An example of turns from a transcribed text merged based on filler words identification is presented below. In filler words based turn merging, a list of filler words is maintained, and if a speaker is interrupted by another speaker, only with any of these filler words, then the consecutive turns of the speaker on either sides of the filler words are determined as mergeable, and are merged. In some embodiments, filler words list includes ‘hmm’, ‘uhm-hmm’, ‘uh’, ‘huh’, among others. However, this list of fillers words is not exhaustive, and additional filler words may be included, for example, based on different languages, dialects, regions and/or other variations.
Agent: can I have your member
Customer: uhm-hmm
Agent: ID number please
Customer: sure its two two four five
In the example above, the customer 144 utterance ‘umm-hmm’ is the only word spoken by the customer 144 in the entire turn, and the word matches a filler word in the filler words list. Therefore, the consecutive turns of the agent 146 before and after the utterance of ‘umm-hmm’ are determined to be mergeable, and are merged as shown below.

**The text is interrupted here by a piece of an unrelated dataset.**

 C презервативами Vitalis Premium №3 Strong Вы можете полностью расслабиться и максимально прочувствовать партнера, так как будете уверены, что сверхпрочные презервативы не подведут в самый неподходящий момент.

Agent: can I have your member ID number please
Customer: sure its two two four five
While in some embodiments, the turns of the person, in this example, the customer 144 may be merged, in some embodiments, the filler words are omitted as a part of merging, for example, as shown above in the customer 144's merged turn. The filler words based turn merging helps with maintaining and not losing the context.

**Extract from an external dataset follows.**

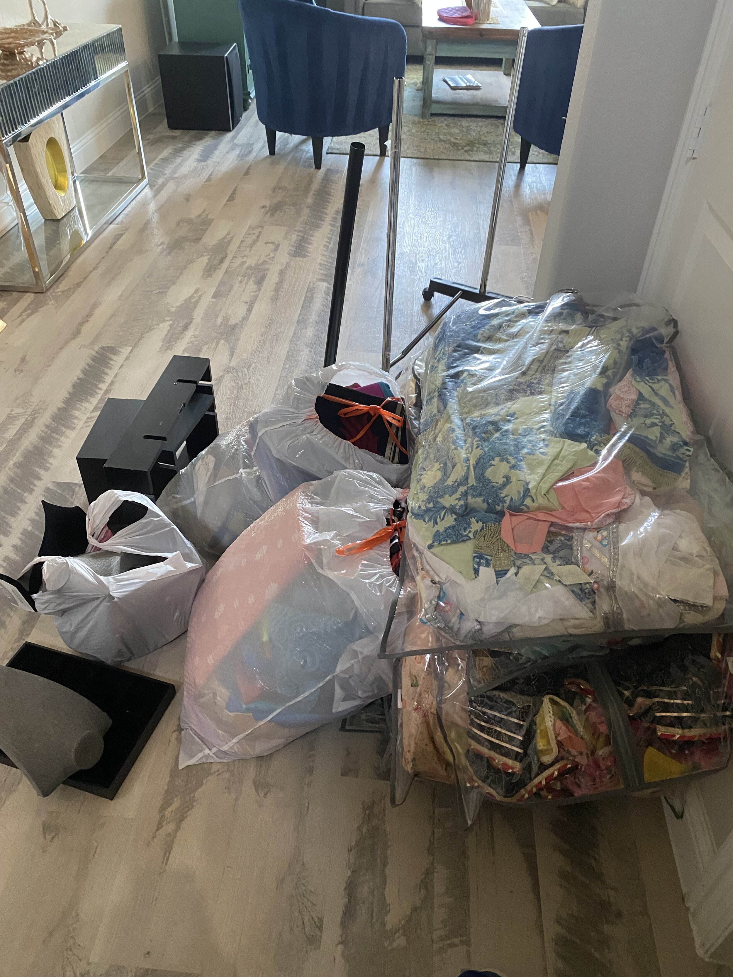 This client needed her business inventory unpacked. She did not need the clothes to be color coordinated, just for them to be grouped in the same category. This project took 5 hours. Learn more about our services.

In this manner, the transcribed text 122 is used to generate the preprocessed text using the preprocessing module 124, and processed further to extract entities and intents.
In some embodiments, the named entity recognition module NERM 130 recognizes entities based on one or more of machine learning (ML) based named entity recognition (NER) model, a pattern-based approach, or an intent-based approach (in which a string and a free-form entity are extracted). In some embodiments, the supporting entities include person name, organization, location, date, number, percentage, money, float, alphanumeric, email, duration, time, relationship and affirmation. In some embodiments, the NERM 130 recognizes entities using techniques as known in the art. In some embodiments, when entities are recognized, values associated with the entities are also identified.

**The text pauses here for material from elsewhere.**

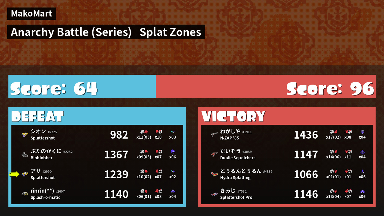 | Mode | Splat Zones - Anarchy Battle (Series) | ||

In some embodiments, intent detection module IDM 132 detects intents based on pre-configured key phrases, which are searched for in the preprocessed text by looking for an exact match of the configured key phrase(s) (exact search), or by looking for a text similar to the configured key phrases (fuzzy search), for example, using sentence similarity measure, stemming, and the like. In some embodiments, IDM 132 detects intents using techniques as known in the art.
In some embodiments, the mapping module 134 maps identified values to corresponding entities using a base mapping logic technique and/or a hybrid mapping logic technique. In some cases, the speakers may utter two entities and/or entity values in the same turn, leading to a confusion as to which value belongs to which entity, as illustrated by the example below.
Customer: Can I have my deductible and out-of pocket?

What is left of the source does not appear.